Given that the dynamic type g is known exactly as gadget , the compiler can devirtualize the bar call after inserting foo , regardless of whether final used in the class gadget declaration or the gadget::bar declaration. I will analyze this similar program that does not use iostreams, since data assembly is easier to read:
class widget { public: void foo() { bar(); } private: virtual void bar() = 0; }; class gadget : public widget { void bar() override { ++counter; } public: int counter = 0; }; int test1() { gadget g; g.foo(); return g.counter; } int test2() { gadget g; g.foo(); g.foo(); return g.counter; } int test3() { gadget g; g.foo(); g.foo(); g.foo(); return g.counter; } int test4() { gadget g; g.foo(); g.foo(); g.foo(); g.foo(); return g.counter; } int testloop(int n) { gadget g; while(--n >= 0) g.foo(); return g.counter; }
We can determine the success of devirtualization by looking at the output assembly: (GCC) , (clank) . Both optimize test to the equivalent of return 1; - the call is virtualized and embedded, and the object is eliminated.
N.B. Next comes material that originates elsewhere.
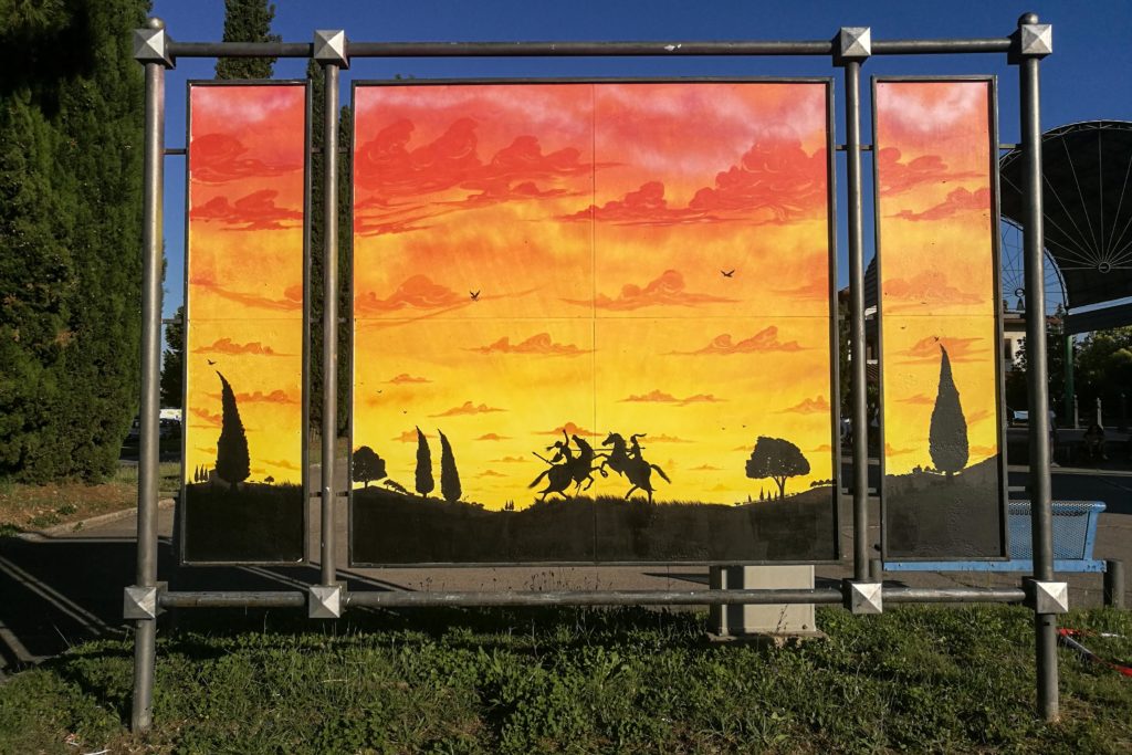 Il progetto di riqualificazione dei borghi di Civitella, Pieve al Toppo, Badia al Pino e Tegoleto, voluto dalla giunta comunale, è stato affidato al famoso street-artist Exit Enter, che ha dipinto su bacheche dismesse scene della storia dei quattro paesi chianini – Intervista.

Clang does the same for test2 via test4 - return 2; / 3/4, respectively - but GCC seems to be gradually losing type information, the more it should perform optimization . Despite the successful optimization of test1 to return a constant, test2 becomes approximately:
int test2() { gadget g; g.counter = 1; g.gadget::bar(); return g.counter; }
The first call was devirtualized and its effect was nested ( g.counter = 1 ), but the second was only devirtualized. Adding an additional call to test3 results in:
int test3() { gadget g; g.counter = 1; g.gadget::bar(); g.bar(); return g.counter; }
Again, the first call is fully nested, the second is only virtualized, but the third call is not optimized at all. This is a simple loading of Jane from a virtual table and calling an indirect function. The result will be the same for an additional call in test4 :
int test4() { gadget g; g.counter = 1; g.gadget::bar(); g.bar(); g.bar(); return g.counter; }
It is noteworthy that no compiler does not virtualize the call in a simple testloop loop, which they both compile into the equivalent:
int testloop(int n) { gadget g; while(--n >= 0) g.bar(); return g.counter; }
even reloads the vtable pointer from the object at each iteration.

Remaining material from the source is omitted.